_Activity_
Transcribe the data as written, minus images.

_Supplied information_
--*--
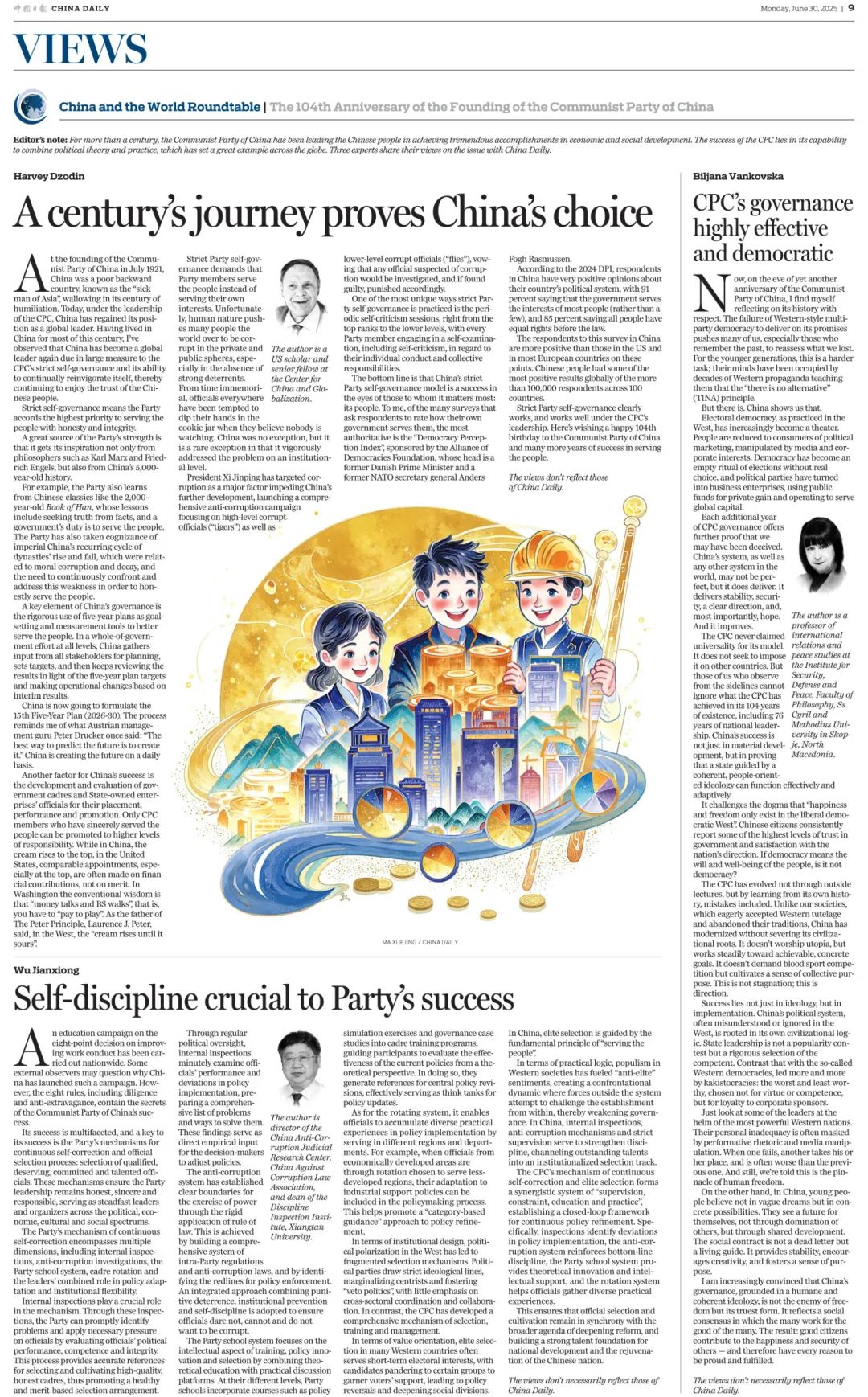 美籍专家哈维佐丁在《一个世纪的历程证明了中国的选择》一文中指出,1921年7月中国共产党成立时,中国是一个贫穷落后的国家,这个曾被蔑称为“东亚病夫”的国家,正深陷百年屈辱的泥沼。如今,在中国共产党的领导下,中国已重回全球重要领导者的行列。我在本世纪的大部分时间都生活在中国,亲眼见证了这一复兴历程——中国之所以能再度崛起,很大程度上得益于中国共产党以严格的自我革命精神持续革新,从而始终赢得人民的信任与支持。
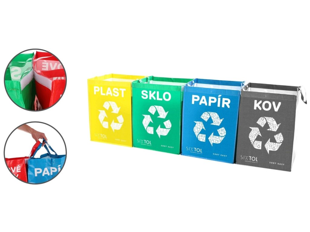 Vrecia na triedený odpad (plast, sklo, papier, kov) 30 x 30 x 40 cm, 4 x 36 l, 4ks - SIXTOL
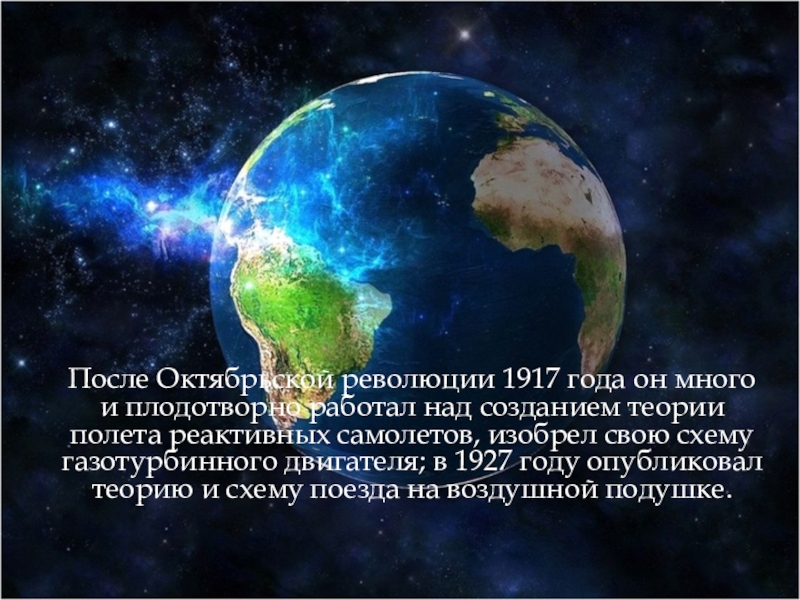 созданием теории полета реактивных самолетов, изобрел свою схему газотурбинного двигателя; в 1927 году опубликовал теорию и схему поезда на воздушной подушке.
--*--
_Reply to the exercise_
 美籍专家哈维佐丁在《一个世纪的历程证明了中国的选择》一文中指出,1921年7月中国共产党成立时,中国是一个贫穷落后的国家,这个曾被蔑称为“东亚病夫”的国家,正深陷百年屈辱的泥沼。如今,在中国共产党的领导下,中国已重回全球重要领导者的行列。我在本世纪的大部分时间都生活在中国,亲眼见证了这一复兴历程——中国之所以能再度崛起,很大程度上得益于中国共产党以严格的自我革命精神持续革新,从而始终赢得人民的信任与支持。
 Vrecia na triedený odpad (plast, sklo, papier, kov) 30 x 30 x 40 cm, 4 x 36 l, 4ks - SIXTOL
 созданием теории полета реактивных самолетов, изобрел свою схему газотурбинного двигателя; в 1927 году опубликовал теорию и схему поезда на воздушной подушке.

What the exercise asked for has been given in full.